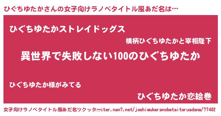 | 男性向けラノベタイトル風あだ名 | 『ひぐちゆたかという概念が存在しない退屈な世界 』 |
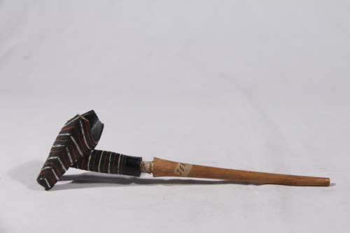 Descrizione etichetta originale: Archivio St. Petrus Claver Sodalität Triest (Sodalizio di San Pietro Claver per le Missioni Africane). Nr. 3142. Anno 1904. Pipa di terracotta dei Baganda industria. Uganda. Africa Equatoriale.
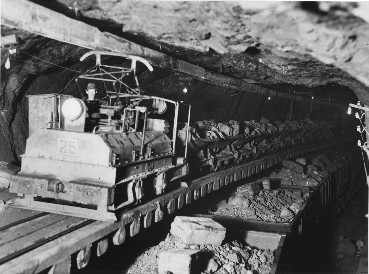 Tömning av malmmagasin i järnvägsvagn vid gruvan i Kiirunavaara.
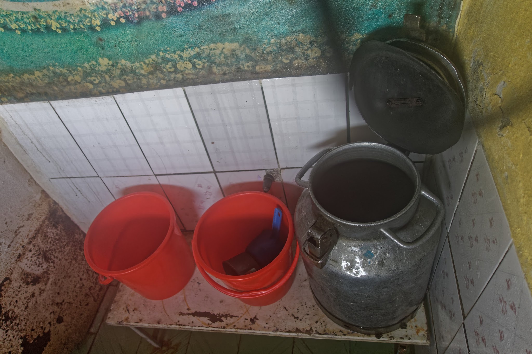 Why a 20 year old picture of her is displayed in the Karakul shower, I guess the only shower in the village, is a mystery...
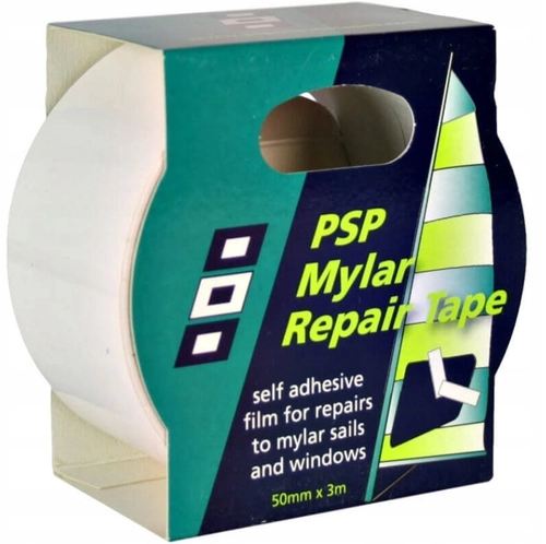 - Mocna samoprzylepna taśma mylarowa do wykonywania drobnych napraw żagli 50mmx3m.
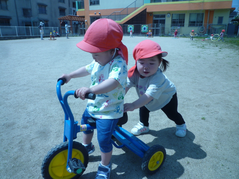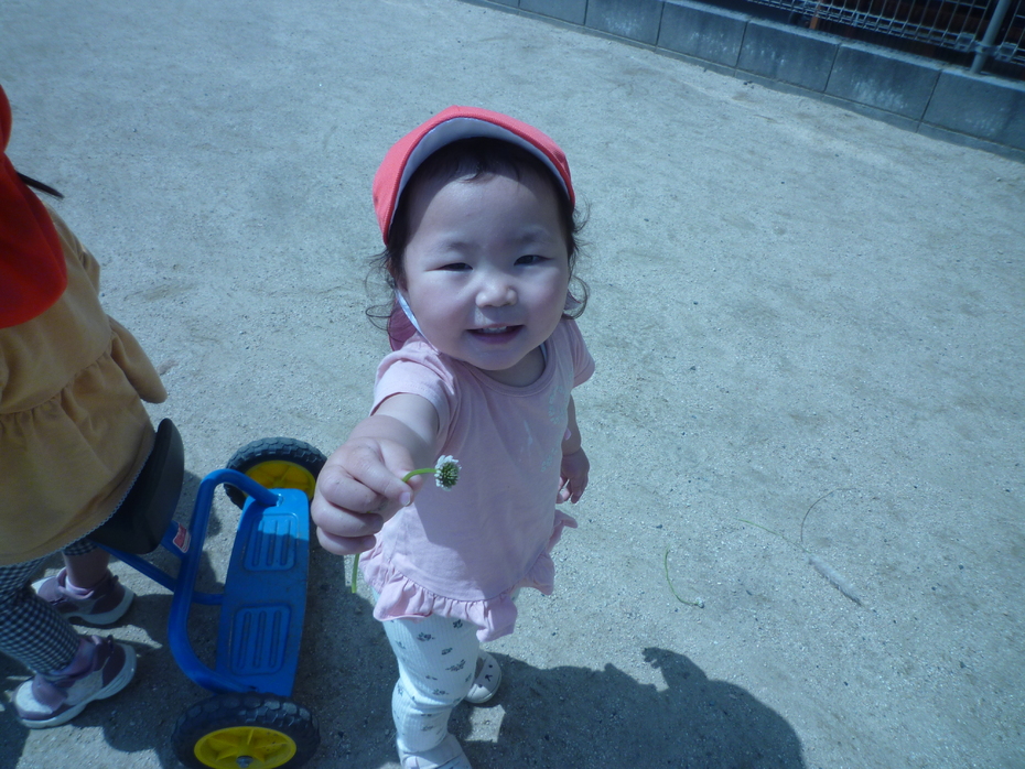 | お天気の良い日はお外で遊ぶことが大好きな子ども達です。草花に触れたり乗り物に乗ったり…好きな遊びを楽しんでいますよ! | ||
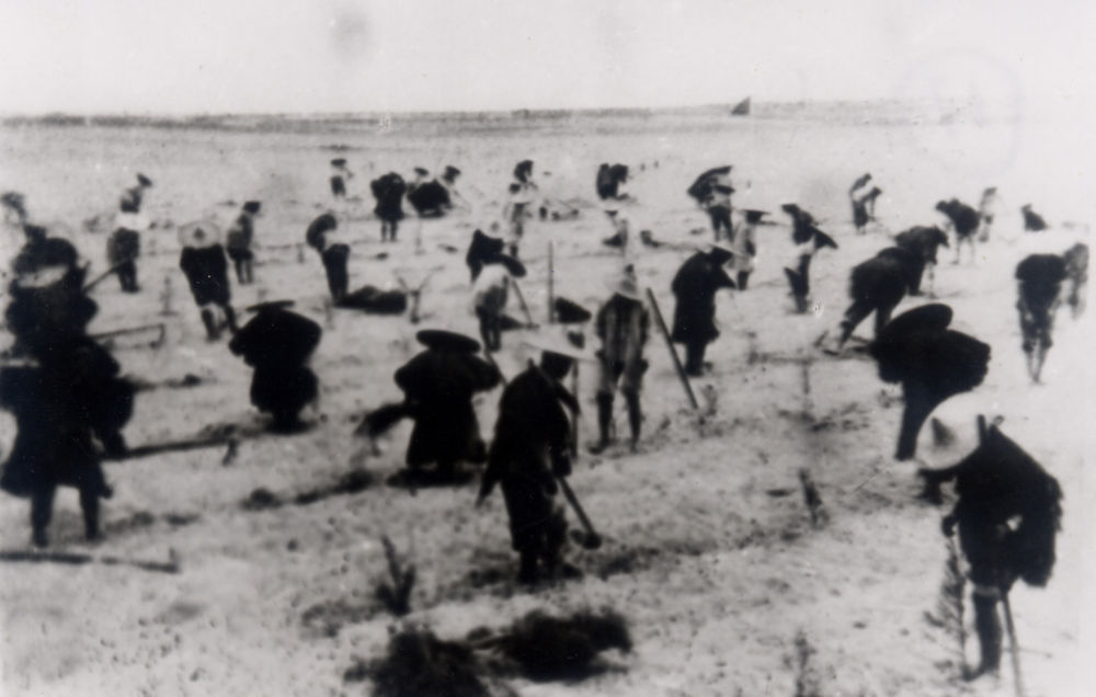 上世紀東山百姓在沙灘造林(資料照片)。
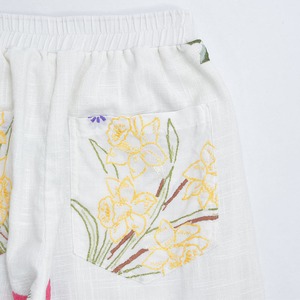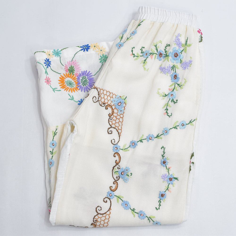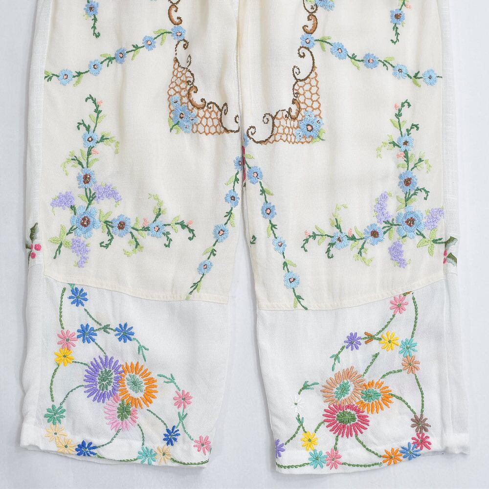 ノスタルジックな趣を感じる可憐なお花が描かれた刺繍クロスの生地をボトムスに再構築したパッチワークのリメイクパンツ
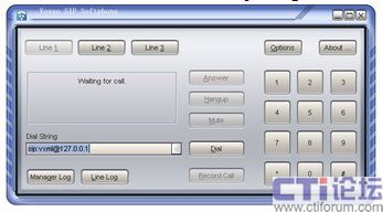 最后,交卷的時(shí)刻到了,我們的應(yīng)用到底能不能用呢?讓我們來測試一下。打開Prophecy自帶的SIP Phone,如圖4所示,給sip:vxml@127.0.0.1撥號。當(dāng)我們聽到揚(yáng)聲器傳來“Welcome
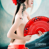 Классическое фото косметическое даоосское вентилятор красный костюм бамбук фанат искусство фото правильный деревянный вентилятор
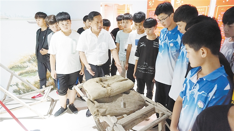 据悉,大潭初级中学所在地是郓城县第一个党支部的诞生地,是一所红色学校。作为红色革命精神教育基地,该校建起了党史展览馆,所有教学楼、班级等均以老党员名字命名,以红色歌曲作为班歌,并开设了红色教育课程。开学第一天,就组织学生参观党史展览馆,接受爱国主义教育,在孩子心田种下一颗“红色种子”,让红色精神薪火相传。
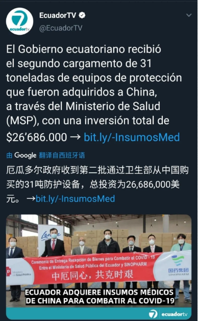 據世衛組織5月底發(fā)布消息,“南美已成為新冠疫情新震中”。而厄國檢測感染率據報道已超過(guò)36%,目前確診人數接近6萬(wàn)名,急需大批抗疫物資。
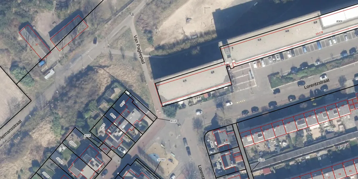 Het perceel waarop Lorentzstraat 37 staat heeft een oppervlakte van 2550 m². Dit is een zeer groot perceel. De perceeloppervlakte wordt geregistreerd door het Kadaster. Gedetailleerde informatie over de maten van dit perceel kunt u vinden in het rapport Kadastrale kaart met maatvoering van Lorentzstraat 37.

==

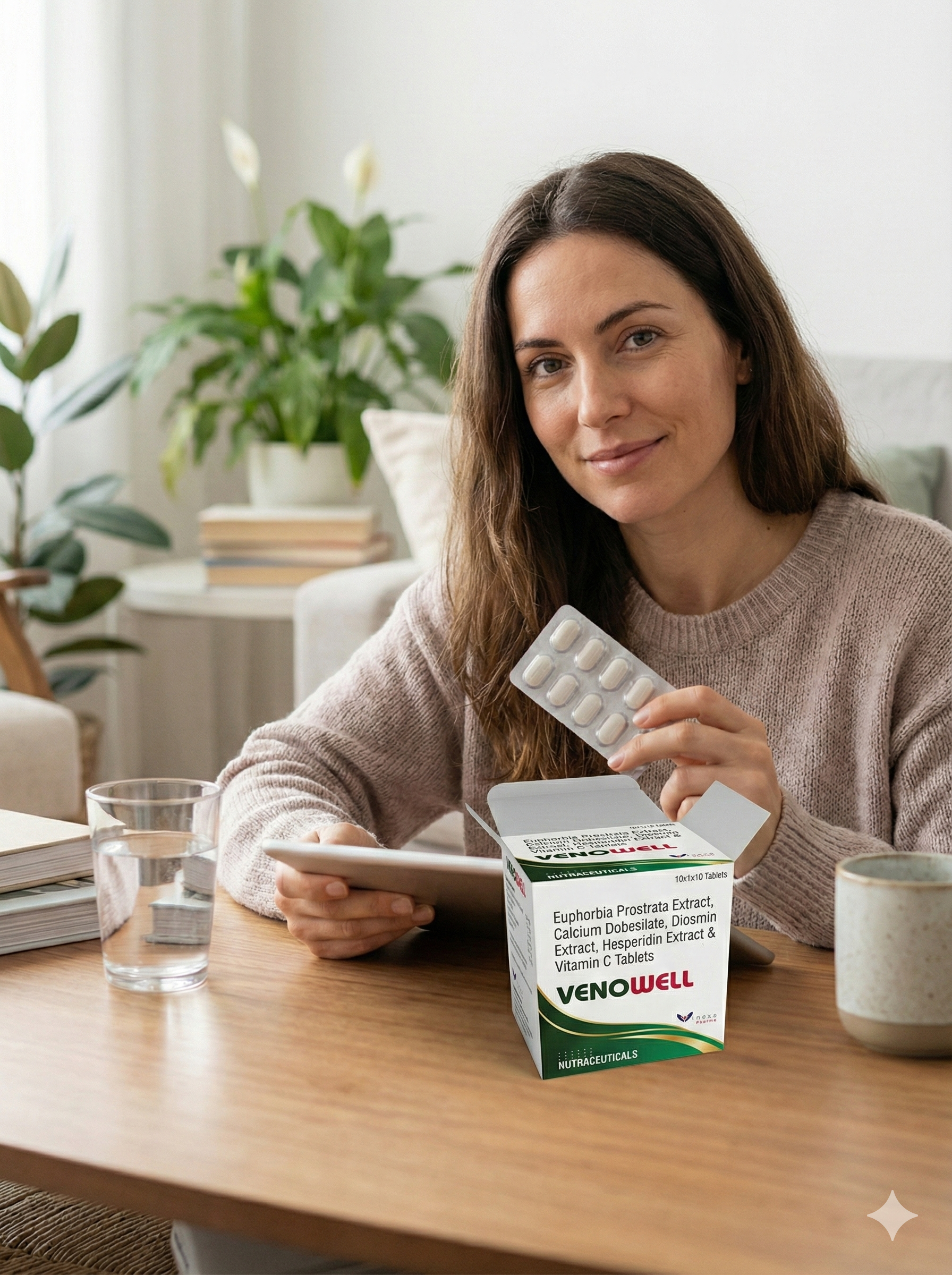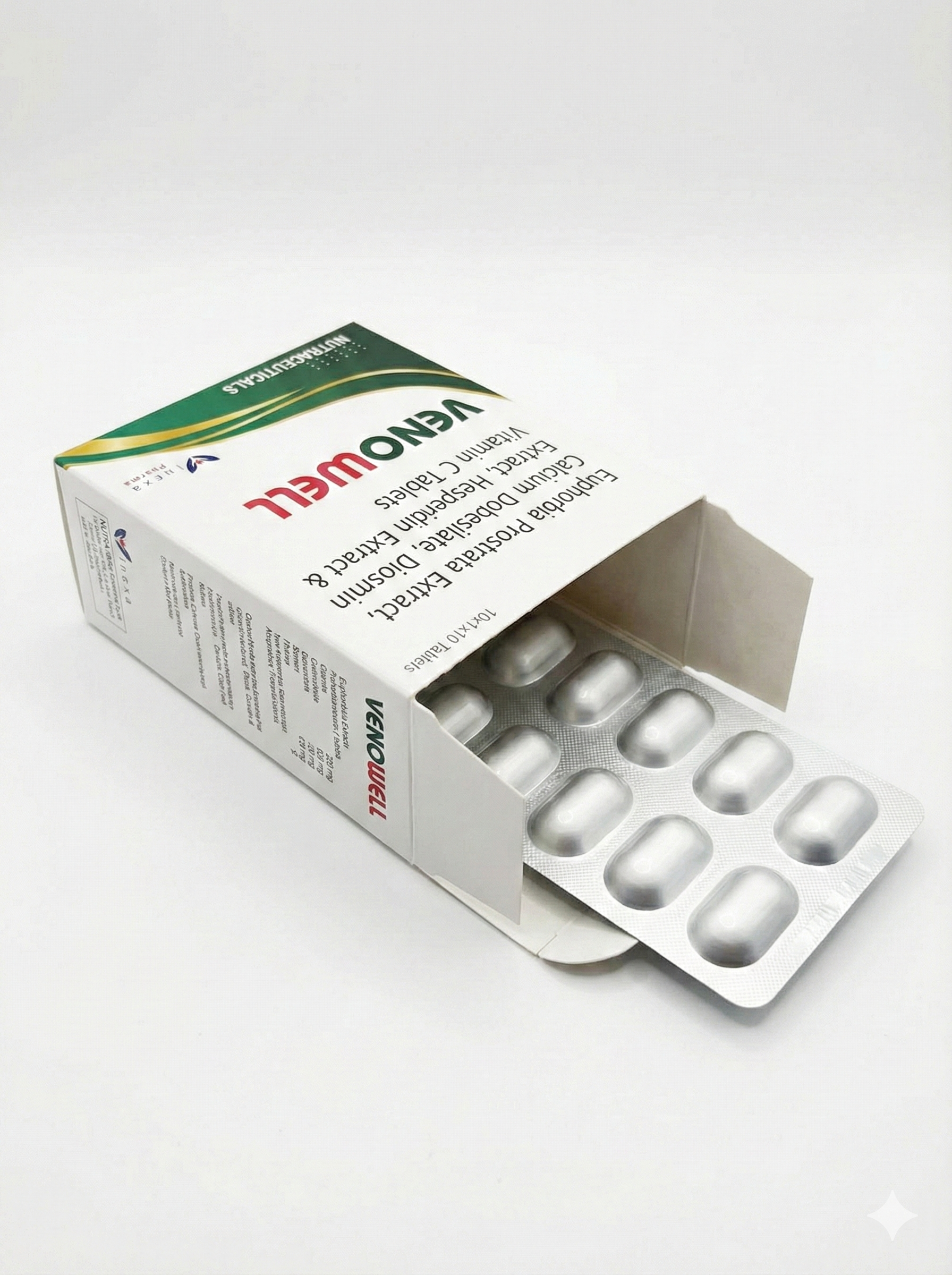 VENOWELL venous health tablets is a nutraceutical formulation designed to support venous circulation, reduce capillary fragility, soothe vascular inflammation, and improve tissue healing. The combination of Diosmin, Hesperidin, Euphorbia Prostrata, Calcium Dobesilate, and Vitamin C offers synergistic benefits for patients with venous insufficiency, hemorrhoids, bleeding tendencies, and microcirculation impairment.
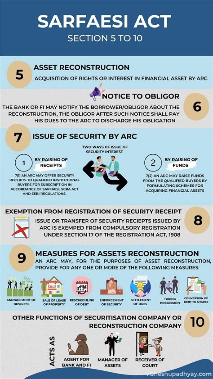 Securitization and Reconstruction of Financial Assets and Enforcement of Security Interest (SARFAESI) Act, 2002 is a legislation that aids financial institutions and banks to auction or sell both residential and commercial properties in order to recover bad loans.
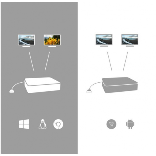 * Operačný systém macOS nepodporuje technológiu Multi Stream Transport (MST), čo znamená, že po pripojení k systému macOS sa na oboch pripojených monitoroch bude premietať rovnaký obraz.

» **TO DO**
Within the entries above, the lines from the one containing "上世紀東山百姓在沙灘造林(資料照片)。" through the one containing "Het perceel waarop" are to be transcribed exactly, ends included, pictures excluded.

» **PROBLEM SOLUTION**
 上世紀東山百姓在沙灘造林(資料照片)。
 ノスタルジックな趣を感じる可憐なお花が描かれた刺繍クロスの生地をボトムスに再構築したパッチワークのリメイクパンツ
 最后,交卷的時(shí)刻到了,我們的應(yīng)用到底能不能用呢?讓我們來測試一下。打開Prophecy自帶的SIP Phone,如圖4所示,給sip:vxml@127.0.0.1撥號。當(dāng)我們聽到揚(yáng)聲器傳來“Welcome
 Классическое фото косметическое даоосское вентилятор красный костюм бамбук фанат искусство фото правильный деревянный вентилятор
 据悉,大潭初级中学所在地是郓城县第一个党支部的诞生地,是一所红色学校。作为红色革命精神教育基地,该校建起了党史展览馆,所有教学楼、班级等均以老党员名字命名,以红色歌曲作为班歌,并开设了红色教育课程。开学第一天,就组织学生参观党史展览馆,接受爱国主义教育,在孩子心田种下一颗“红色种子”,让红色精神薪火相传。
 據世衛組織5月底發(fā)布消息,“南美已成為新冠疫情新震中”。而厄國檢測感染率據報道已超過(guò)36%,目前確診人數接近6萬(wàn)名,急需大批抗疫物資。
 Het perceel waarop Lorentzstraat 37 staat heeft een oppervlakte van 2550 m². Dit is een zeer groot perceel. De perceeloppervlakte wordt geregistreerd door het Kadaster. Gedetailleerde informatie over de maten van dit perceel kunt u vinden in het rapport Kadastrale kaart met maatvoering van Lorentzstraat 37.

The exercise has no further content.